Türk Oto Sanayine Giriş 101
TÜRK SANAYİ DEVRİMİ
Sanayi, endüstrileşme, AR-GE, üretim... Bir saniye; arabanın yarısını keserek tabanını zemine yapıştırmak suretiyle arabanın fabrikasını arabayı ürettiğine pişman etmek AR-GE’den sayılmıyor sanırım. O zaman şöyle diyelim: sanayi; usta-çırak ilişkisi içerisinde mesleği öğrenmek isteyen yeni nesillere ustaların, mesleğin her ince ayrıntısını ahlak ve dürüstlük çerçevesi içerisinde aktardığı zanaat dalı. Yani en azından bir kısmı. Herkesin iyi ya da kötü muhakkak bir oto sanayiye yolu düşmüştür. Kimi bin pişman olur gittiğine, kimisi ‘’Allah razı olsun.’’ diyerek ayrılır sanayiden. İnsanlar çeşit çeşit olduğuna göre esnafın da birçok çeşidinin olması kaçınılmaz bir sonuçtur. İyilerden Allah razı olsun diyelim ama bizim konumuz kötüler.

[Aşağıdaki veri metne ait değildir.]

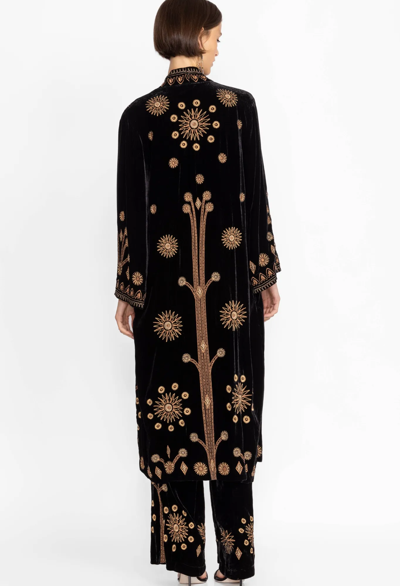 Providing A Luxe Layer For Cooler Days, The Heidi Velvet Kimono Coat Adds Stunning Detail To Any Look. Crafted From A Unique Silk Blend, This Velvety Midi-Length Coat Is Highlighted With Intricate Placement Embroidery. Layer Over A Classic Little Black Dress And Add Sparkling Heels For An Evening Out.
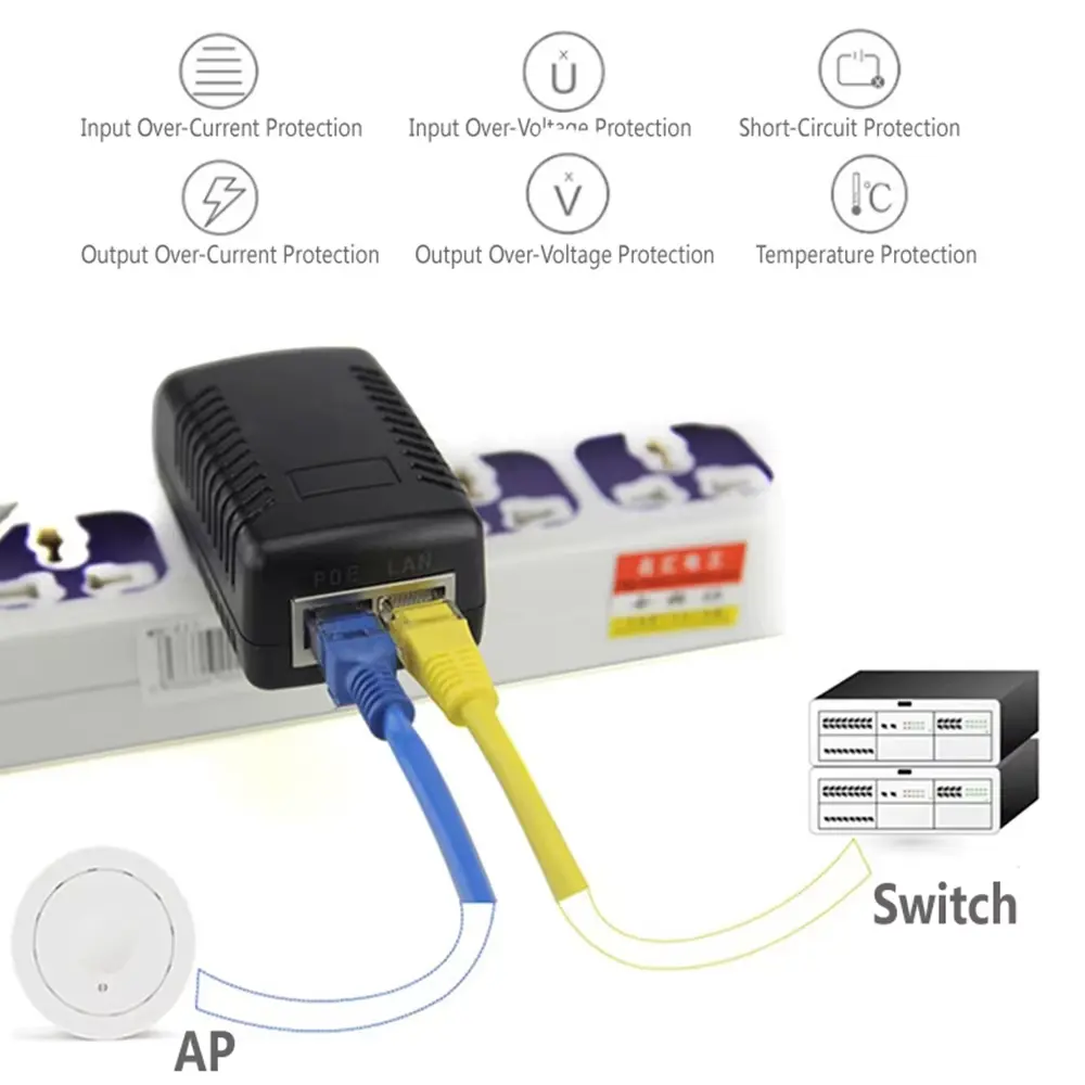 వాల్-మౌంటెడ్ ఇన్స్టాలేషన్ స్థలాన్ని ఆదా చేసే కార్యాలయాలు, హోటళ్లు మరియు ఇళ్లలో వైర్లెస్ యాక్సెస్ పాయింట్లను (APలు) పవర్ చేయడానికి పర్ఫెక్ట్.
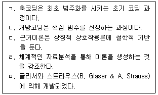 73. 근거이론에 관한 설명으로 옳지 않은 것을 모두 고른 것은?
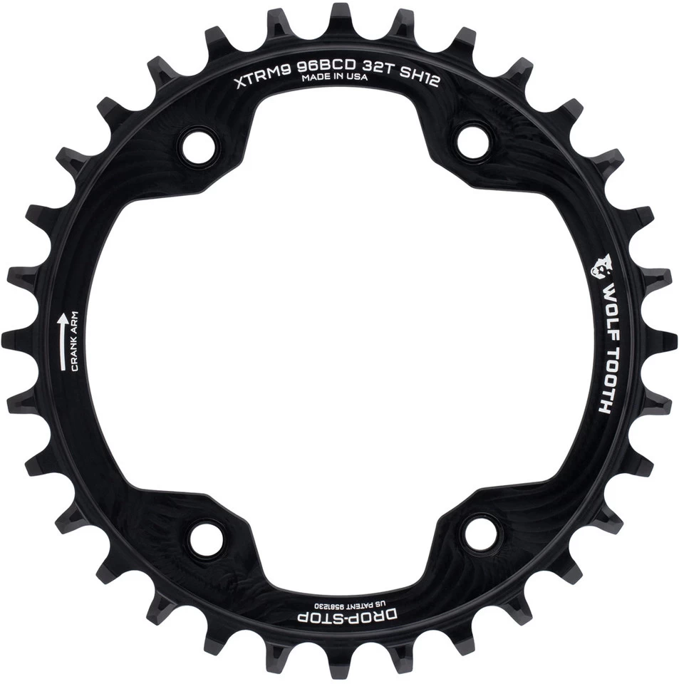 Spezifikationen:Einsatzbereich:Cross Country, All Mountain, EnduroBefestigung:96 mm Lochkreis, 4-Arm asymmetrischZähne:32 Z, 34 ZSchaltstufen:1×12-fachTechnische Daten:Kettenlinie:49 mmMaterial:Aluminium (7075-T6)Kompatibilität:Shimano XTR M9000Shimano XTR M9020Shimano 12-fach HG+ (Hyperglide+) KettenOriginal Shimano XTR Kettenblattschrauben (M7), Abdeckungen nicht erforderlichFeatures:für HG+ 12-fach Ketten optimiertes Zähneprofilhervorragender KettenrückhaltKettenlinie auch für die meisten Boost-Bikes geeignetMade in the USA

Son zamanlarda trafiğin bir hayli kalabalıklaştığı herkesin hem fikir olduğu bir konudur. Bu demek oluyor ki sanayideki her esnafa bir şekilde iş fırsatı doğuyor. Şimdi size, geneli kapsayan ortalama bir sanayi esnafı nasıl oluşturulur onun tarifini vereceğim. Biraz melankoli, her an kavgaya hazır olmak, bol miktarda kötü ve bel altı şaka, isteğe göre de eklenebilecek; serserilik, kısmi dolandırıcılık, organize suçlar gibi seçeneklerle sanayi esnafımız oluşturabiliriz. Bir nevi oyun karakteri oluşturuyormuş gibi de düşünebilirsiniz. Peki ama neden bu hale geliyorlar? “Bu film nerede kopuyor?” diye sorgular gibisiniz. O halde biraz daha alt modellerdeki üretim aşamasını inceleyelim. Minik mi minik, haylaz mı haylaz, kimi zaman çilekeş kimi zaman kurnaz. Evet doğru bildiniz. Ustaların yükünü minik bedenleriyle sırtlanan çıraklar, çıraklarımız. Böyle de söyleyince Allah dostlarından bahsediyormuşuz gibi oldu ama sakın öyle anlaşılmasın. Zira armut ağaçtan fazla uzağa düşmemiş, kalıp ne ise hamur ona göre şekillenmiştir. Sanırım yıllardır süregelen sorunun tek bir ifadeyle tanımını yapmış olduk.